• _Prompt_: Please output the listing below character for character and omit the images.

• _Exercise data_:

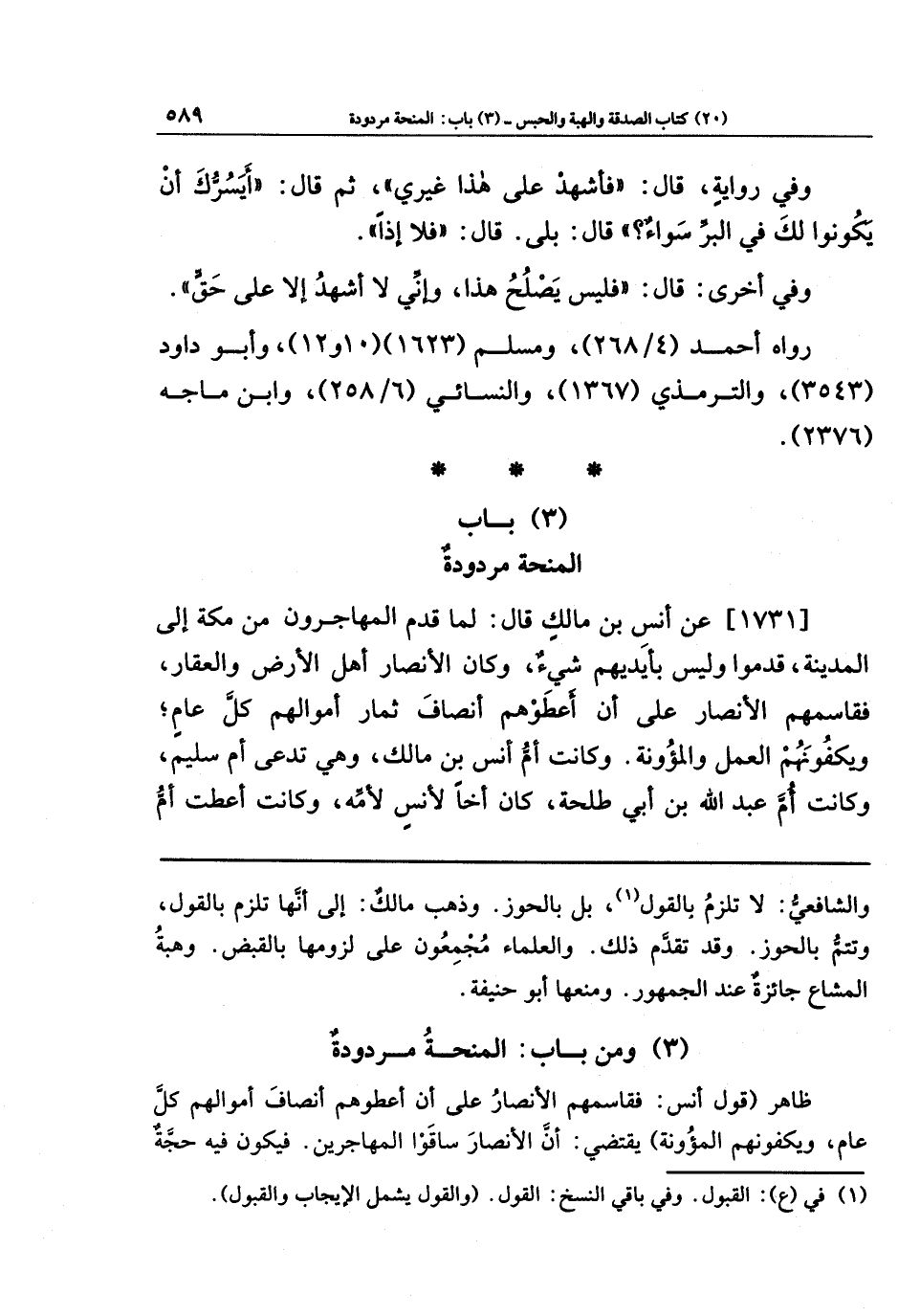 [1731] عَن أَنَسِ بنِ مَالِكٍ قَالَ: لَمَّا قَدِمَ المُهَاجِرُونَ مِن مَكَّةَ إلى المَدِينَةَ قَدِمُوا وَلَيسَ بِأَيدِيهِم شَيءٌ، وَكَانَ الأَنصَارُ أَهلَ الأَرضِ وَالعَقَارِ، فَقَاسَمَهُم الأَنصَارُ عَلَى أَن أَعطَوهُم أَنصَافَ ثِمَارِ أَموَالِهِم كُلَّ عَامٍ وَيَكفُونَهُم العَمَلَ وَالمَؤونَةَ، وَكَانَت أُمُّ أَنَسِ بنِ مَالِكٍ - وَهِيَ تُدعَى أُمَّ سُلَيمٍ، وَكَانَت أُمُّ عَبدِ اللَّهِ بنِ أَبِي طَلحَةَ، كَانَ أَخًا لِأَنَسٍ لِأُمِّهِ، وَكَانَت أَعطَت أُمُّ
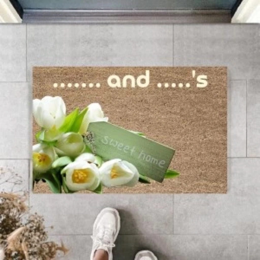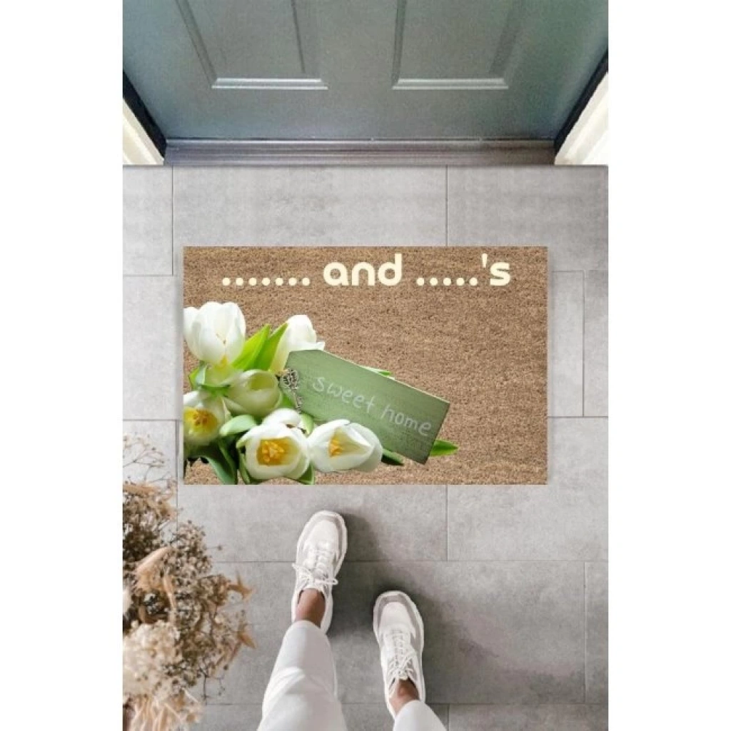 Kapı Önü Paspası Kişiye Özel Yazı Yazılır Koko Model Çiçek Şerit Pk-1526
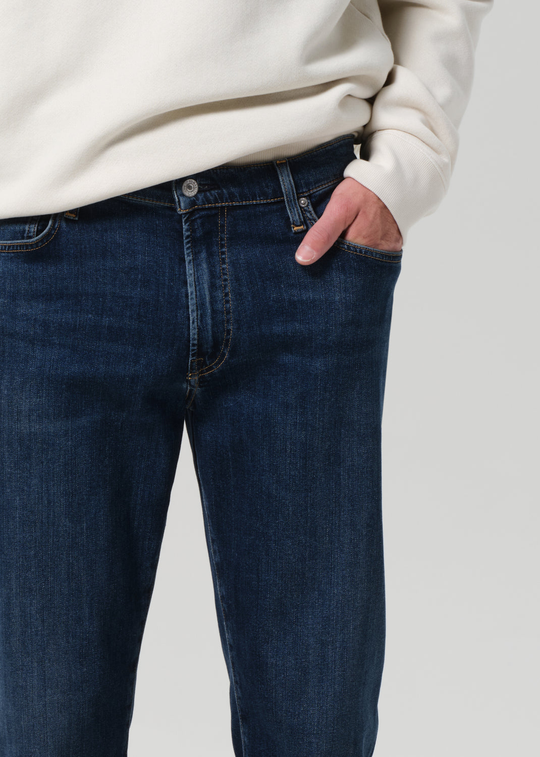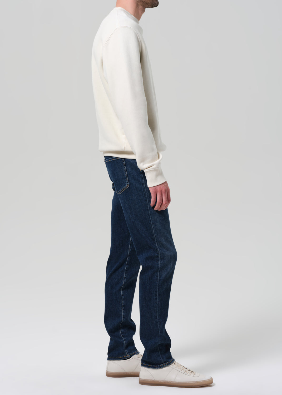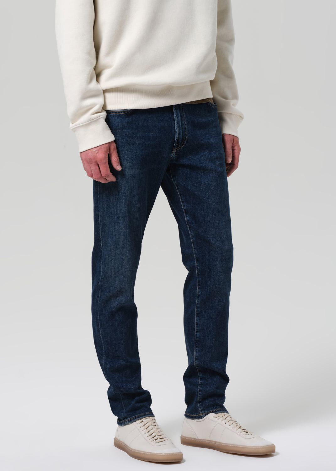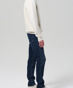 The Adler is our slim straight fit—cut with a slightly higher rise, room through the thigh, and a subtle taper from knee to ankle. This pair is made from lightweight stretch denim crafted with regenerative cotton, offering soft structure and ease of movement. Finished in a dark indigo wash with subtle fading and whiskering for a lived-in look.
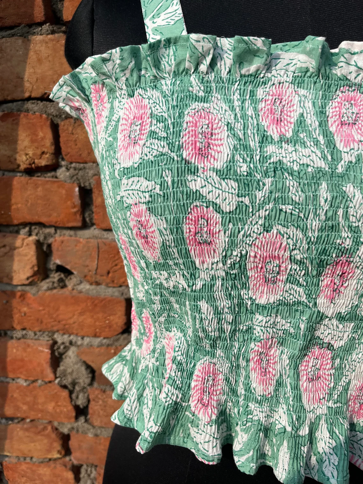 Bohemian Hippie Long Dress Hand Block Printed Cotton Floral Top Tunic with Square Collar & Embroidery for Outwear
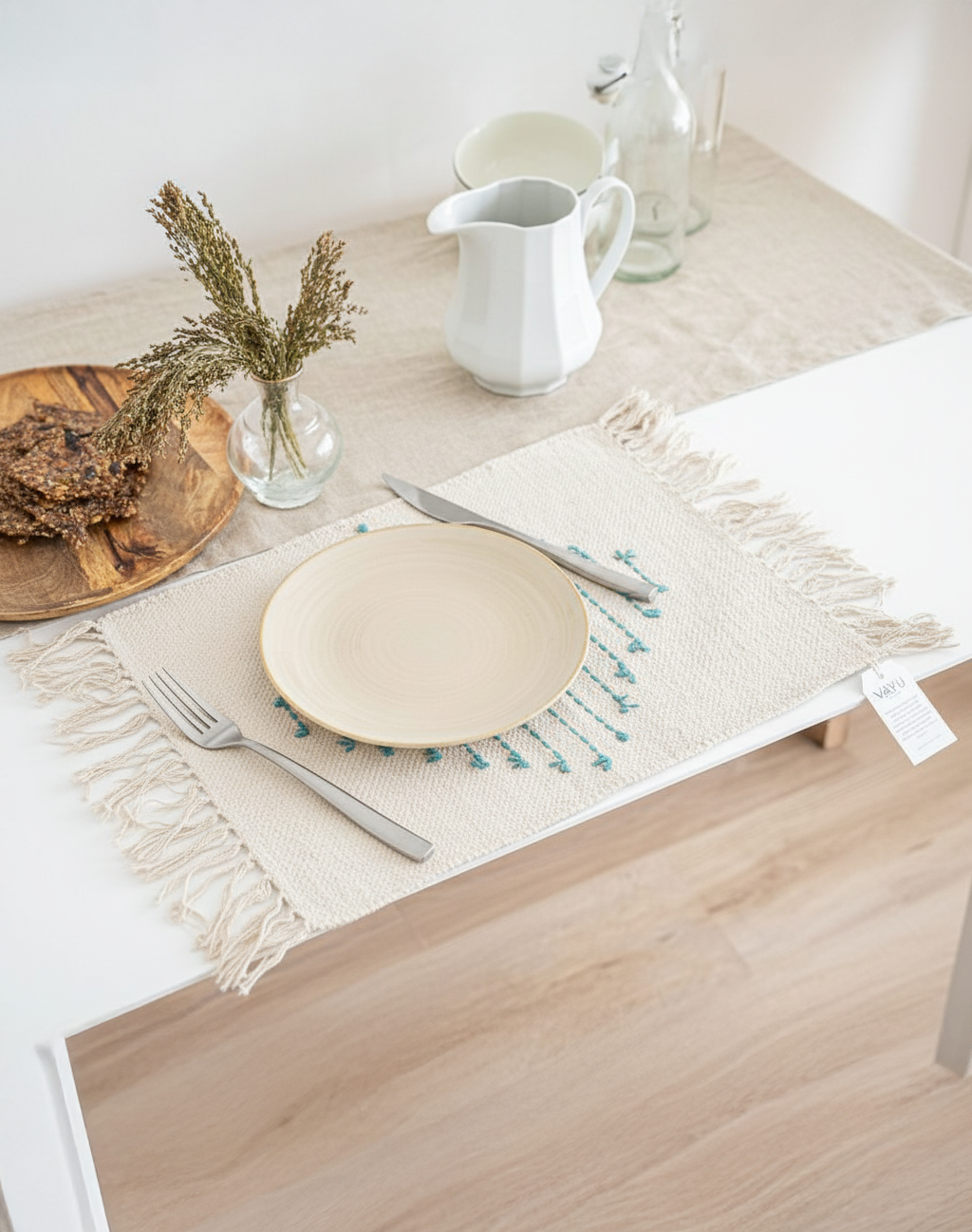 Each placemat is meticulously crafted using traditional handloom techniques, passed down through generations of Indian artisans. The intricate weaving process takes time, precision, and dedication, ensuring a unique, high-quality finish. Unlike mass-produced textiles, these handmade placemats carry the warmth and authenticity of human touch, making each piece truly one of a kind.
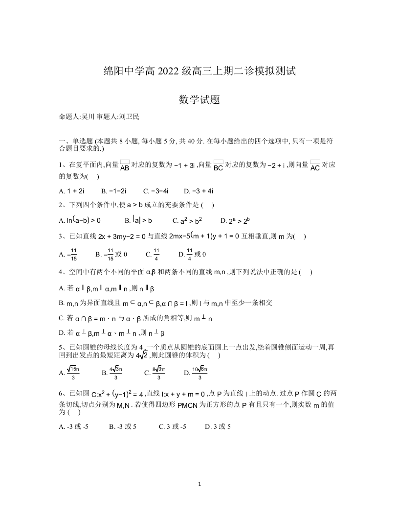 12-29【四川卷】百强校丨四川省绵阳中学2025届高三上学期二诊模拟测试数学+答案
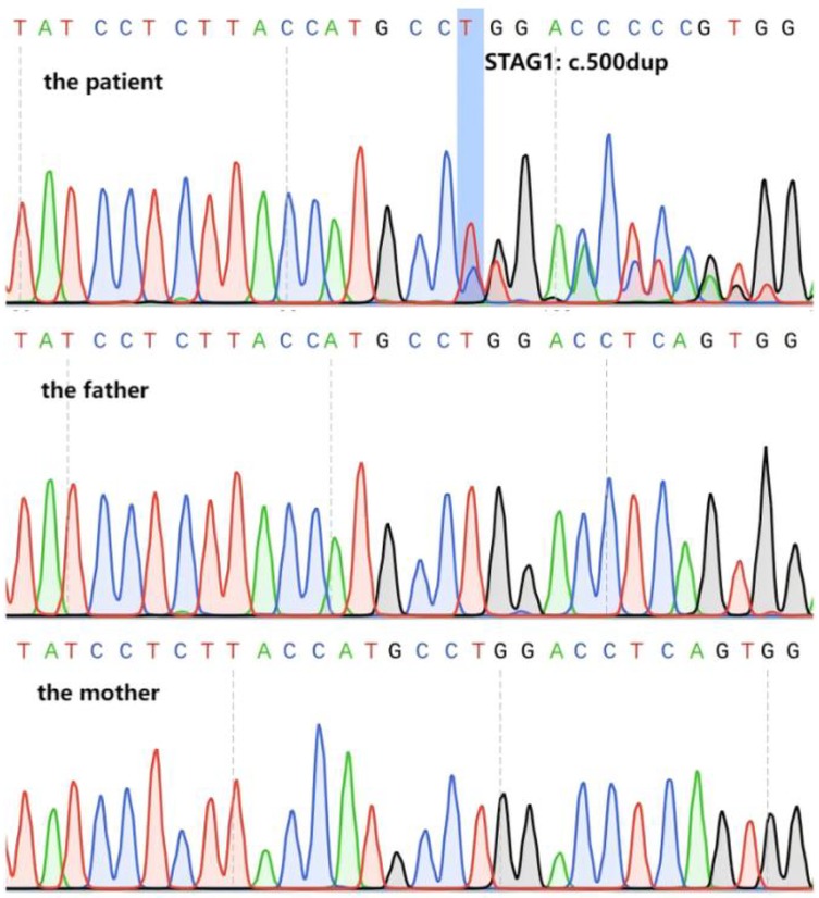 Figure 1. Variant verification of Sanger sequencing. Sanger sequencing confirmed that the patient carried the heterozygous frameshift variant in STAG1 gene (NM_005862.3) c.500dup (marked by the blue box), the parents were normal.
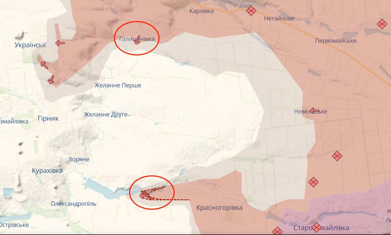Красногорівка та Галицинівка з півдня та півночі охоплюють район Невельського, де Росія намагається оточити українські підрозділи.

• _Reply_:
 [1731] عَن أَنَسِ بنِ مَالِكٍ قَالَ: لَمَّا قَدِمَ المُهَاجِرُونَ مِن مَكَّةَ إلى المَدِينَةَ قَدِمُوا وَلَيسَ بِأَيدِيهِم شَيءٌ، وَكَانَ الأَنصَارُ أَهلَ الأَرضِ وَالعَقَارِ، فَقَاسَمَهُم الأَنصَارُ عَلَى أَن أَعطَوهُم أَنصَافَ ثِمَارِ أَموَالِهِم كُلَّ عَامٍ وَيَكفُونَهُم العَمَلَ وَالمَؤونَةَ، وَكَانَت أُمُّ أَنَسِ بنِ مَالِكٍ - وَهِيَ تُدعَى أُمَّ سُلَيمٍ، وَكَانَت أُمُّ عَبدِ اللَّهِ بنِ أَبِي طَلحَةَ، كَانَ أَخًا لِأَنَسٍ لِأُمِّهِ، وَكَانَت أَعطَت أُمُّ
 Kapı Önü Paspası Kişiye Özel Yazı Yazılır Koko Model Çiçek Şerit Pk-1526
 The Adler is our slim straight fit—cut with a slightly higher rise, room through the thigh, and a subtle taper from knee to ankle. This pair is made from lightweight stretch denim crafted with regenerative cotton, offering soft structure and ease of movement. Finished in a dark indigo wash with subtle fading and whiskering for a lived-in look.
 Bohemian Hippie Long Dress Hand Block Printed Cotton Floral Top Tunic with Square Collar & Embroidery for Outwear
 Each placemat is meticulously crafted using traditional handloom techniques, passed down through generations of Indian artisans. The intricate weaving process takes time, precision, and dedication, ensuring a unique, high-quality finish. Unlike mass-produced textiles, these handmade placemats carry the warmth and authenticity of human touch, making each piece truly one of a kind.
 12-29【四川卷】百强校丨四川省绵阳中学2025届高三上学期二诊模拟测试数学+答案
 Figure 1. Variant verification of Sanger sequencing. Sanger sequencing confirmed that the patient carried the heterozygous frameshift variant in STAG1 gene (NM_005862.3) c.500dup (marked by the blue box), the parents were normal.
Красногорівка та Галицинівка з півдня та півночі охоплюють район Невельського, де Росія намагається оточити українські підрозділи.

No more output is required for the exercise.